START MATERIAL FOR THE TASK

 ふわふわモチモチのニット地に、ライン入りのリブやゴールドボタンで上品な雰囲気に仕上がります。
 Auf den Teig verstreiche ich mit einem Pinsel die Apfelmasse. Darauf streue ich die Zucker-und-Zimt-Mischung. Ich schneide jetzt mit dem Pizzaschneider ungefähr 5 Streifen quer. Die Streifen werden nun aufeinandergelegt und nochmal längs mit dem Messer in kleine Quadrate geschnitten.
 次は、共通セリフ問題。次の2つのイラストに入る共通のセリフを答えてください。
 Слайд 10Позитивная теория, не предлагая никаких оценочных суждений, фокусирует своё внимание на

END MATERIAL FOR THE TASK
START MATERIAL FOR THE TASK

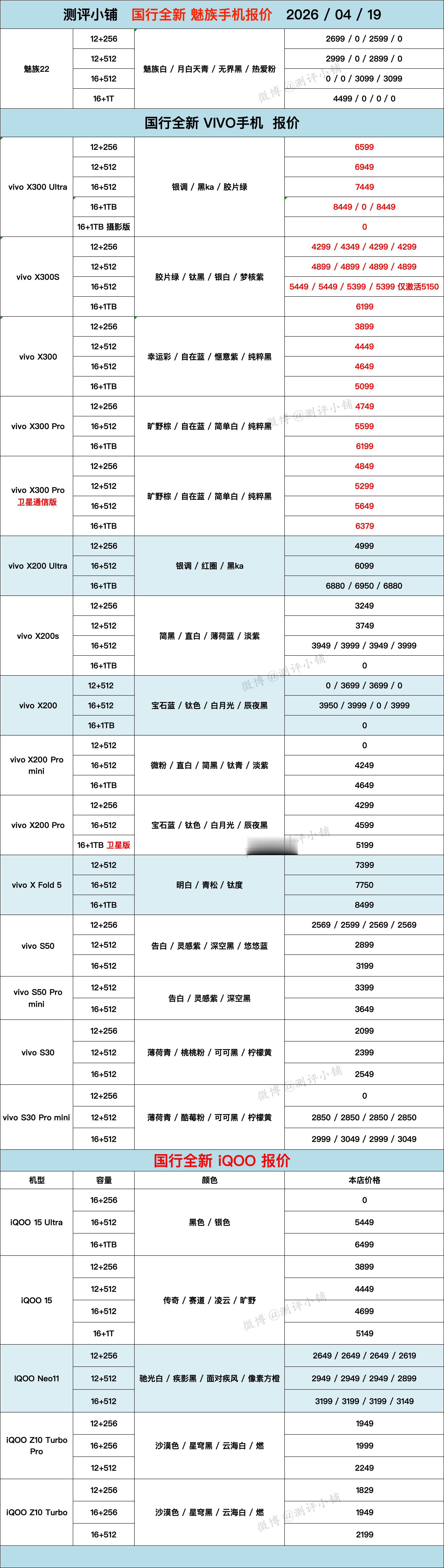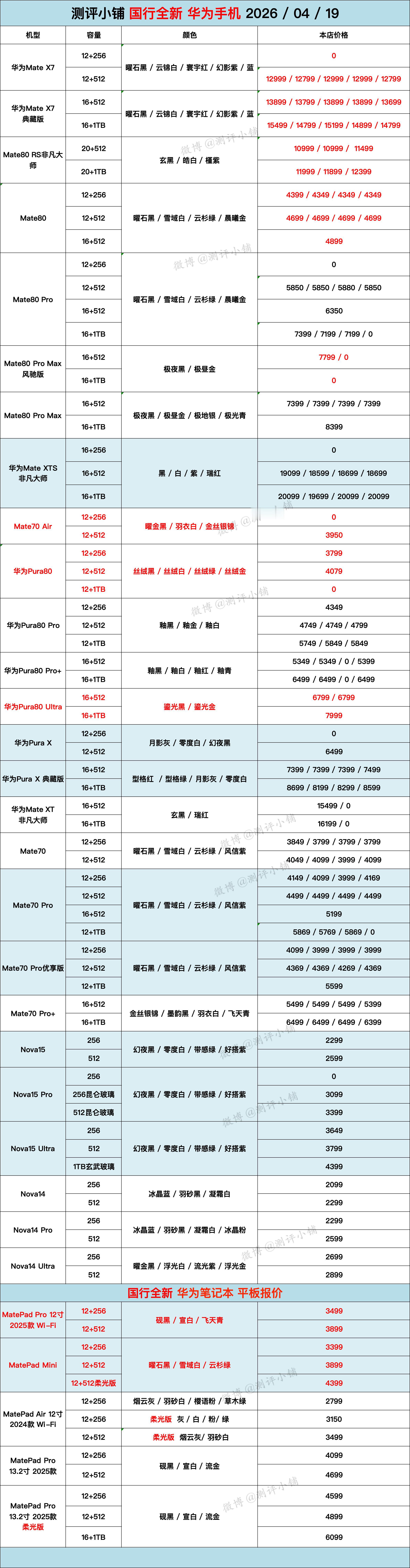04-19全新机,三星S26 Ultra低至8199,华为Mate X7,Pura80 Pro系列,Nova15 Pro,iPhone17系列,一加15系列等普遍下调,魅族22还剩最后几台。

END MATERIAL FOR THE TASK

● TASK STATEMENT:
Copy, exactly and only, the lines above that begin with the one containing "次は、共通セリフ問題。次の2つのイラストに入る共通のセリフを答えてください。" and finish with the one containing "Слайд 10Позитивная теория, не".

● YOUR SOLUTION:
 次は、共通セリフ問題。次の2つのイラストに入る共通のセリフを答えてください。
 Слайд 10Позитивная теория, не предлагая никаких оценочных суждений, фокусирует своё внимание на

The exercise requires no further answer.